À travers son comportement exemplaire, il rappelait inlassablement que la force physique ne prend sens que lorsqu’elle s’accompagne d’une élévation morale.

Un pédagogue au service des générations futures

En dehors de son parcours compétitif, Ankiling Diabone s’est illustré par son engagement auprès des jeunes judokas. Son aptitude à identifier le potentiel chez les plus novices, combinée à une pédagogie patiente et exigeante, a contribué à former plusieurs générations d’athlètes.
Il inculquait à ses élèves les fondements mêmes du judo : le salut comme première expression du respect, l’effort comme horizon permanent, et la rectitude comme principe indissociable de la pratique sportive.

La trace qu’il laisse dans les dojos du pays dépasse largement les résultats sportifs. Elle se manifeste dans les attitudes, les valeurs et les comportements qu’il a su transmettre, bien au-delà des seuls apprentissages techniques.

Une perte immense, un héritage durable

La disparition d’Ankiling Diabone constitue une perte majeure pour le judo sénégalais. Les clubs, les entraîneurs, les athlètes et l’ensemble des acteurs du milieu sportif ressentent profondément le vide laissé par celui qui fut l’un des piliers de la discipline.
Pour autant, son influence demeure vivante.
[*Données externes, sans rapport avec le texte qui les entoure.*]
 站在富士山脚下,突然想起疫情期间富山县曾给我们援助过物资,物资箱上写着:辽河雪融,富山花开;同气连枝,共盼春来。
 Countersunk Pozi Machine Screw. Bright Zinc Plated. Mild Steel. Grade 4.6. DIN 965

Les valeurs qu’il a incarnées et défendues continueront de guider la communauté sportive, tant elles ont été ancrées avec constance et authenticité.

À sa famille, à ses proches, à ses élèves et à ses compagnons de tatami, nous adressons nos pensées les plus sincères. La peine est grande, mais la reconnaissance l’est davantage.
Connaître Ankiling Diabone, c’était approcher un exemple rare de loyauté, de discipline et de courage ; c’était rencontrer un homme dont les actes traduisaient fidèlement les principes qu’il professait.
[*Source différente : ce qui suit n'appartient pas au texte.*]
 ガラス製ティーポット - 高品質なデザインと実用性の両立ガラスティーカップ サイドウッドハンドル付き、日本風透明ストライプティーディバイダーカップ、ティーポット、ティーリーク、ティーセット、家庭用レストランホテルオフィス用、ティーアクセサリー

Puisse son âme reposer en paix, dans la lumière et la sérénité.
Puisse son souvenir demeurer une source d’inspiration durable pour celles et ceux qui croient en la vertu formatrice du sport.

Célébrons ceux qui œuvrent dans l’ombre

Il existe, dans chaque société, des hommes et des femmes dont l’action discrète est déterminante. Leur modestie contraste avec la profondeur de leur contribution. Trop souvent, c’est leur absence qui révèle l’étendue de leur influence.
Ankiling Diabone appartient à cette catégorie de figures essentielles, dont l’engagement constant contribue à élever une communauté tout entière.

À l’aube de cette nouvelle semaine, il nous revient d’accorder une attention renouvelée à nos héros vivants — ceux qui, par leur travail quotidien, construisent, guident et inspirent. Leur célébration constitue un devoir de mémoire autant qu’un acte de lucidité collective.

Ainsi, pour reprendre une réflexion souvent formulée :
« Un peuple qui ne célèbre pas ses héros vivants se condamne à pleurer ses regrets morts. »

Puissions-nous, individuellement et collectivement, reconnaître la valeur de ceux qui œuvrent encore parmi nous.
Car honorer un héros, c’est aussi éveiller les ressources morales présentes en chacun de nous.